Para Lutero, esta “libertad del evangelio” estaba por encima de toda autoridad y de todas las leyes humanas. El sistema papal le parecía una intolerable contradicción a esta libertad evangélica; el papa, escribió, había dejado “de ser un obispo, para convertirse en un dictador” (S. S. Wolin, Política y Perspectiva, p. 158). Era imperativo restaurar “nuestra noble libertad cristiana”, pues “se debe permitir que cada persona escoja libremente…” (ibid, pp. 156, 158).
Desde el tiempo de los fariseos, la mentalidad legalista, basada en la autosuficiencia de los méritos propios, siempre tiende a producir dos extremos: o el fariseo o el publicano. El fariseo está segurísimo de su propia justicia, con base en obras de moralismo externo, pero de hecho no es ni justo ni realmente libre. El publicano, en cambio, se desespera por su falta de mérito y su insuperable fracaso en lograr su propia vindicación. Pero ninguno de los dos puede hacer el bien libremente, puesto que la realizan sólo como medio para alcanzar su propia auto-justificación.

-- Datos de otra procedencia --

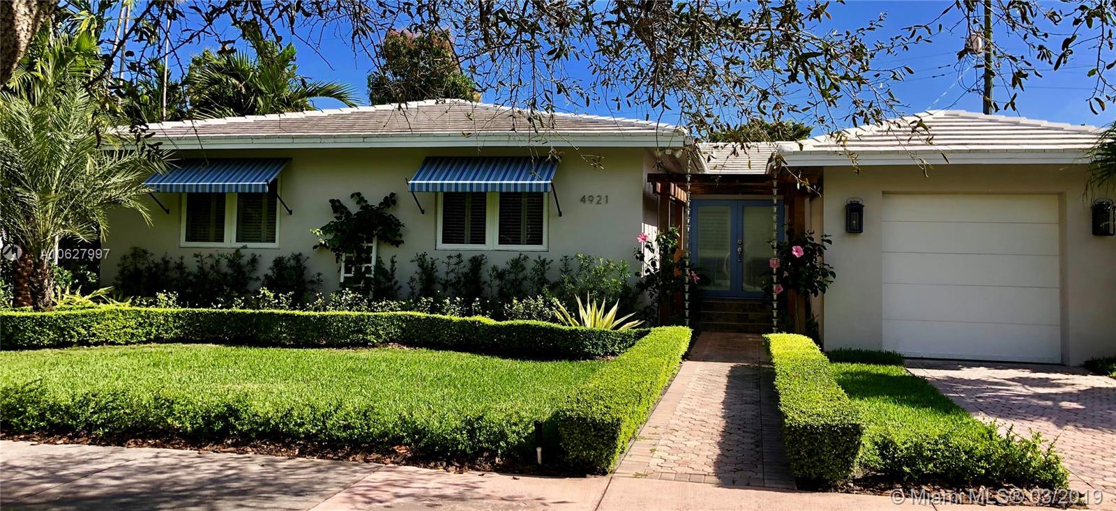 Beautifully remodeled home on centrally located, prestigious Riviera Drive in Coral Gables, Florida. Totally updated inside with new kitchen and ample cabinetry space. 3 bedroom with large closets and 3 full baths. Original refinished hardwood floors, plantation shutters, all new appliances, security system with Z-wave technology, and on demand water heater. Large garage, indoor washer/dryer, Hurricane Impact windows and doors throughout, large lot with mature Avocado and Mango trees. Light, bright colors and sunshine fill this home. 1849 Adjusted SQ FT. Excellent curb appeal, lush landscaping, 5 zone irrigation system and architectural designed pergola entrance. Recently added covered patio area in backyard.

El mensaje evangélico rompe este círculo vicioso. Dios en su gracia divina recibe al injusto y lo justifica, “no por obras, sino para buenas obras” (Ef. 2:8-10). La gracia (járis) de Dios despierta nuestra gratitud (eujaristía) y nos transforma en personas nuevas que buscamos hacer la voluntad de Aquel que nos ha redimido. De esa manera, la gracia de Dios nos libera tanto del legalismo y moralismo (heteronomía moralista) como del fideísmo y de la “gracia barata” de una fe puramente formal y verbal. La gracia nos hace libres para hacer el bien, no para lograr una justificación propia ante Dios, sino para agradecer y glorificar a Aquel que nos justificó por fe.